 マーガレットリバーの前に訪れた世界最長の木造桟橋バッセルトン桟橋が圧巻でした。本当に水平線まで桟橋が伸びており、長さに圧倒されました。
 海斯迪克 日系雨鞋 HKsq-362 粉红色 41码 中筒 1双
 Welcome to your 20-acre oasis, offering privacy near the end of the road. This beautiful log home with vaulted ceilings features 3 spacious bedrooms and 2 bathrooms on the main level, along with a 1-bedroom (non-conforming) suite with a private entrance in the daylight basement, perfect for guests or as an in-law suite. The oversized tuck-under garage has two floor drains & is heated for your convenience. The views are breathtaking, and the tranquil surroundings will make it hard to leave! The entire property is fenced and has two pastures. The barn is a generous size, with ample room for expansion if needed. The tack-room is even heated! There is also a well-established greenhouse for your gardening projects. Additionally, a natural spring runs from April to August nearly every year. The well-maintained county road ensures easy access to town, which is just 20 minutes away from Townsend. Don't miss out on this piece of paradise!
○ ○ ○ ○
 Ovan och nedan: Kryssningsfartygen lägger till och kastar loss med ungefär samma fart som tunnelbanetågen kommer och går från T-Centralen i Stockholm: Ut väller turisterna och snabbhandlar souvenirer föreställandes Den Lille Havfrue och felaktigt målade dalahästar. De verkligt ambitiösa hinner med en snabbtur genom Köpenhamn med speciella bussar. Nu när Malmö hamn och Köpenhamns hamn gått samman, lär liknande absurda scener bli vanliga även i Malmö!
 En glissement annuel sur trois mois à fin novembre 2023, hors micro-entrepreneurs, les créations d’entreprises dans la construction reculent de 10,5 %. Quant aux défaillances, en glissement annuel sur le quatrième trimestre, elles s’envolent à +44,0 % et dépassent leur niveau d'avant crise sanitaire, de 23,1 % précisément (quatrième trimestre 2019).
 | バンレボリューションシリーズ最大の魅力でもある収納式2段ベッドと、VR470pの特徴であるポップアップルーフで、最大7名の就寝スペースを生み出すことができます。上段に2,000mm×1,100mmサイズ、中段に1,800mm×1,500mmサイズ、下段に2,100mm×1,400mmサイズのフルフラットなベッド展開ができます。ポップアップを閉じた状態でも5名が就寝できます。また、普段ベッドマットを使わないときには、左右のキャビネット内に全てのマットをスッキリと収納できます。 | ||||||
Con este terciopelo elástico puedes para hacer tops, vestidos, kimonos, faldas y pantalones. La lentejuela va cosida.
○ ○ ○ ○
Exercise details >> Return, unchanged, the run of lines above that opens with the line containing "マーガレットリバーの前に訪れ" and closes with the line containing "海斯迪克 日系雨鞋 HKsq-362 粉红色 41码 中筒 1双". Include both.

Solution below >>
 マーガレットリバーの前に訪れた世界最長の木造桟橋バッセルトン桟橋が圧巻でした。本当に水平線まで桟橋が伸びており、長さに圧倒されました。
 海斯迪克 日系雨鞋 HKsq-362 粉红色 41码 中筒 1双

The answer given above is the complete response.